Well, in Java as I remember I would call read on the receiving socket and send on the sending socket or something like that, was really easy. read blocking until it received a message. That's the kind of behaviour I want to have.

I see. I need to try that! Thanks!

If you're working with raw Socket/Channel in java, you're getting bytes back - it's no different. Maybe you're using some framework in Java that was higher level and did the framing (messaging) for you. But at the lowest level, it's bytes all the way down :slight_smile:.

To reiterate, the Rust API is blocking if you don't explicitly make it non-blocking, which is just like java.

Well, I was using ObjectOutputStream and ObjectInputStream (to send objects) in Java.
And mine is not blocking but its probably because of the protocol not being defined.

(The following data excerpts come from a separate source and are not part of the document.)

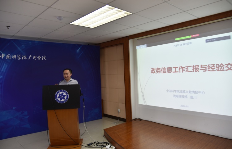 成都文献情报中心科技处副处长张邓锁和战略情报部副部长、研究馆员唐川分别作《政务信息工作概况》和《政务信息工作汇报与经验交流》专题报告,介绍了成都文献情报中心在政务信息工作方面,服务国家和地方高水平科技智库建设的经验。
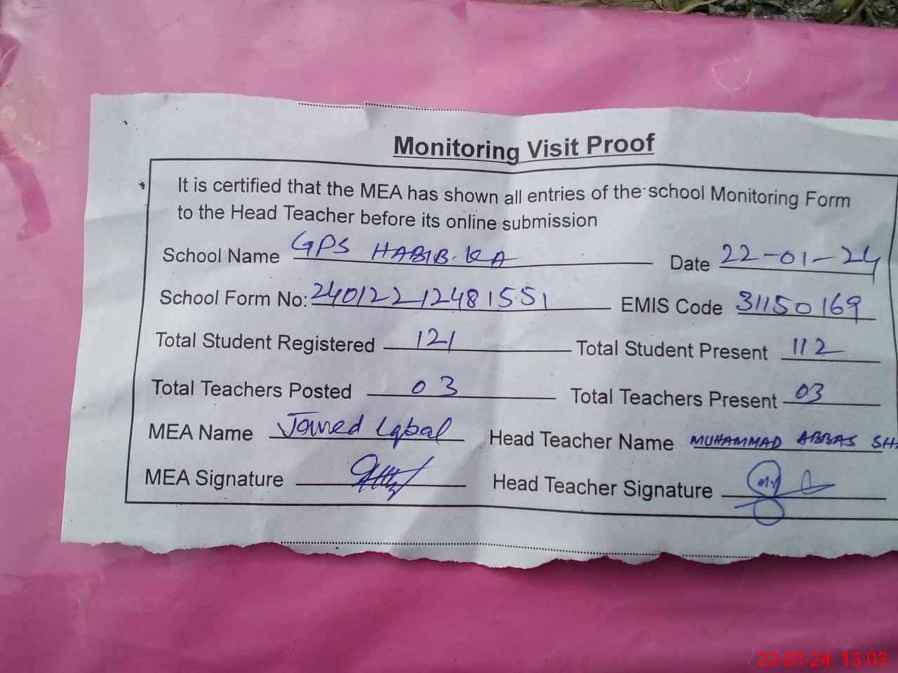 | EMIS Code: 31150169 | Name of School: GPS HABIB KA | |||
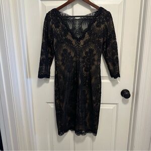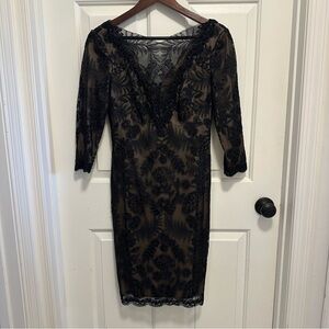 Tadashi Shoji Zuri Black Lace Illusion Sheath Dress Size 4
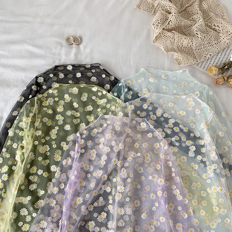 Floral Daisy Transparent Mesh Tops For Women Sexy Lace Long Sleeve Sheer Slim Ladies Turtleneck Tees Girls Sun-proof Tops Shirt
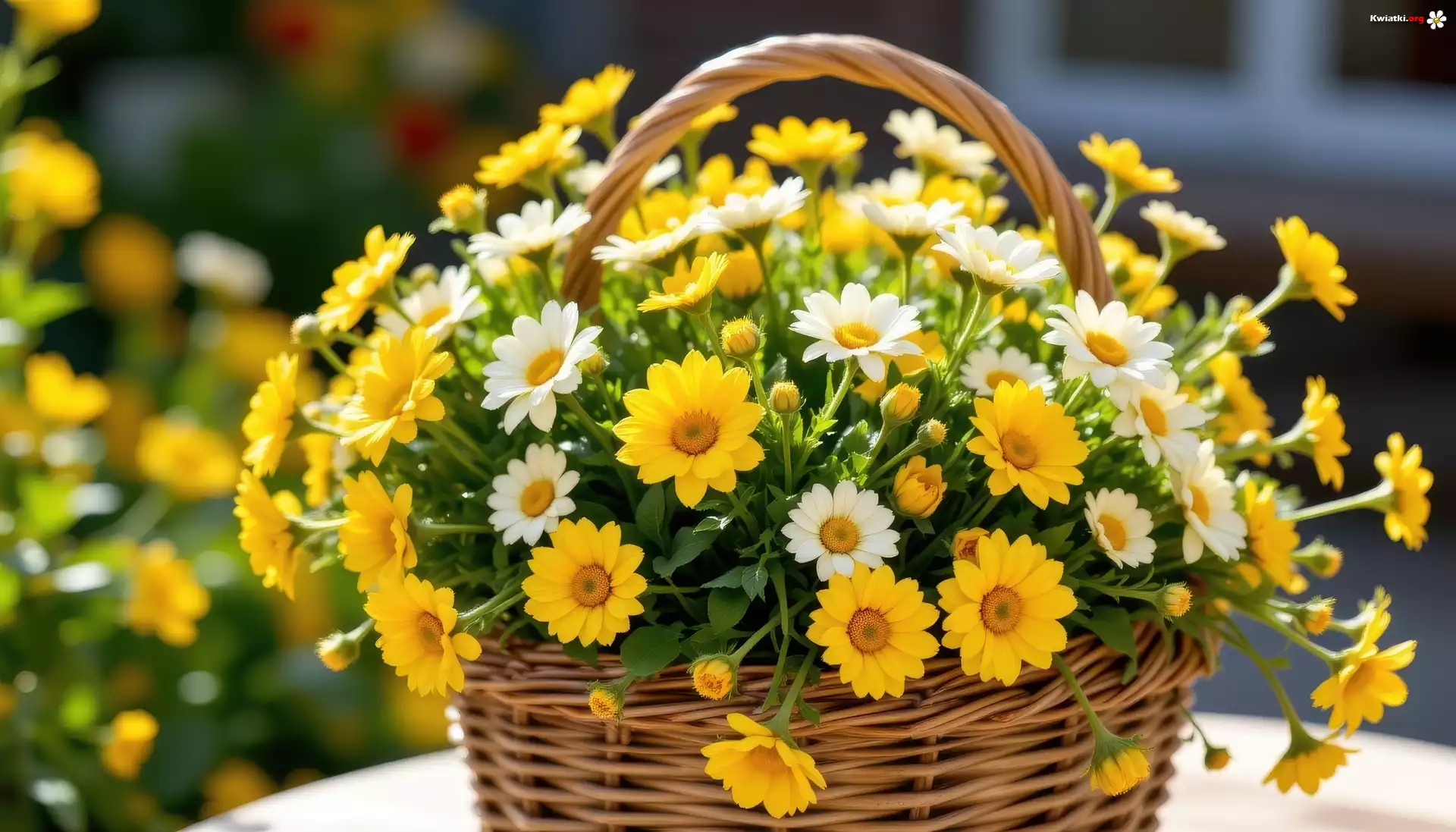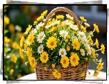 Żółte, Białe, Kwiaty, Listki, Wiklinowy, Koszyk - Zdjęcia
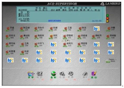 可監(jiān)視IVR的狀態(tài), 包括:       可監(jiān)視數(shù)據(jù)庫代理服務(wù)器的處理狀態(tài), 包括:       可監(jiān)視客戶服務(wù)平臺(tái)的全部坐席的工作狀態(tài), 包括簽入, 簽出, 空閑,示忙, 正在通話, 等待應(yīng)答, 等待來話, 用戶掛機(jī), 等待被叫振鈴, 三方通話,座席通道壞或座席死機(jī), 座席通道已經(jīng)恢復(fù), 人工轉(zhuǎn)自動(dòng), 坐席掛起等。

Ok, that's a bit higher level than raw socket/stream :slight_smile:. These streams do the framing for you, essentially. I suppose the moral equivalent would be to use serde to read/write Rust structs. Or, as @troplin mentioned, using a line based protocol is an even simpler framing approach.

I see. Though how do I use BufRead if TcpStream doesn't implement it?

BufRead is a trait (think interface in Java), so you'd use something that implements that; BufReader in std::io - Rust is what you're after. BufReader can wrap an underlying Read impl, so you can wrap the TcpStream in a BufReader via BufReader::new(your_stream).